WORK INSTRUCTION:
Please write out the lines of the data exactly, beginning with the first and ending with the line containing "こくとうパン、牛乳、冷凍みかん、焼きハンバーグ、ケチャップ、豆乳スープ"; leave the pictures behind.

DATA SEGMENT:
════

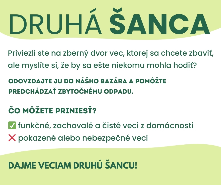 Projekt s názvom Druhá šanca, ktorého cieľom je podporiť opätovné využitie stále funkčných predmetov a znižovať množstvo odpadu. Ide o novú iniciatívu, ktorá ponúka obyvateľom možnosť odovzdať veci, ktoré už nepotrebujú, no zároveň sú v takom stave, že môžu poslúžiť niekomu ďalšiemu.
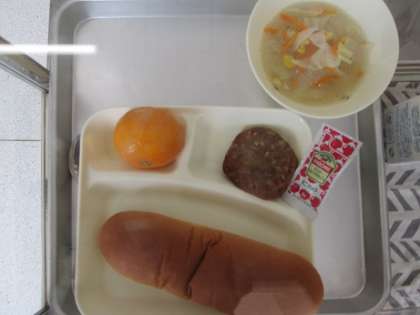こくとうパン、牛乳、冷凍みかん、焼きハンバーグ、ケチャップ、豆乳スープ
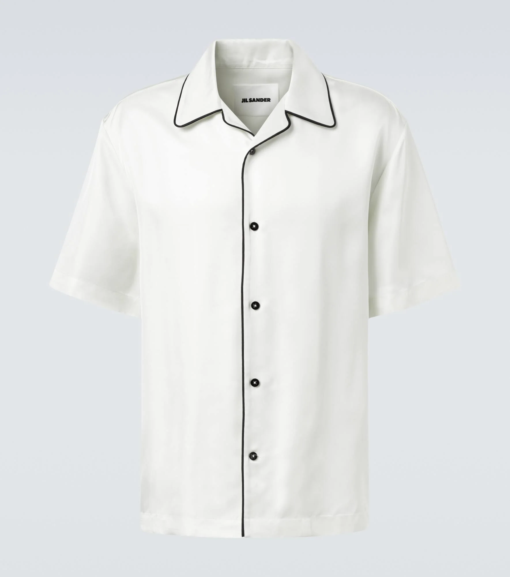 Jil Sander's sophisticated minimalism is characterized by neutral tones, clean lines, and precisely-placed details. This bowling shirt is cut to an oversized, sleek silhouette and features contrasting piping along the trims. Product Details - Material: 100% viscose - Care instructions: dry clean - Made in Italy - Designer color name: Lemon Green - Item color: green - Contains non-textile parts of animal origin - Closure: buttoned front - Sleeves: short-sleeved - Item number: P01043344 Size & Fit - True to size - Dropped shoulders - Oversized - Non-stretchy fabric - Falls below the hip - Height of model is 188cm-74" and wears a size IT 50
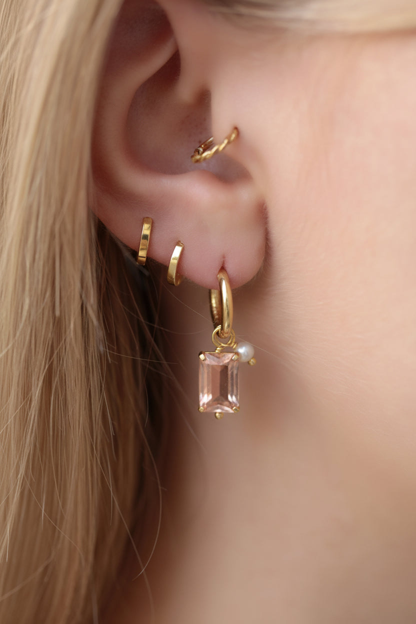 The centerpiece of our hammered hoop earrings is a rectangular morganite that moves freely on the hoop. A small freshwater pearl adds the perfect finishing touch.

════

FINISHED TASK:
 Projekt s názvom Druhá šanca, ktorého cieľom je podporiť opätovné využitie stále funkčných predmetov a znižovať množstvo odpadu. Ide o novú iniciatívu, ktorá ponúka obyvateľom možnosť odovzdať veci, ktoré už nepotrebujú, no zároveň sú v takom stave, že môžu poslúžiť niekomu ďalšiemu.
こくとうパン、牛乳、冷凍みかん、焼きハンバーグ、ケチャップ、豆乳スープ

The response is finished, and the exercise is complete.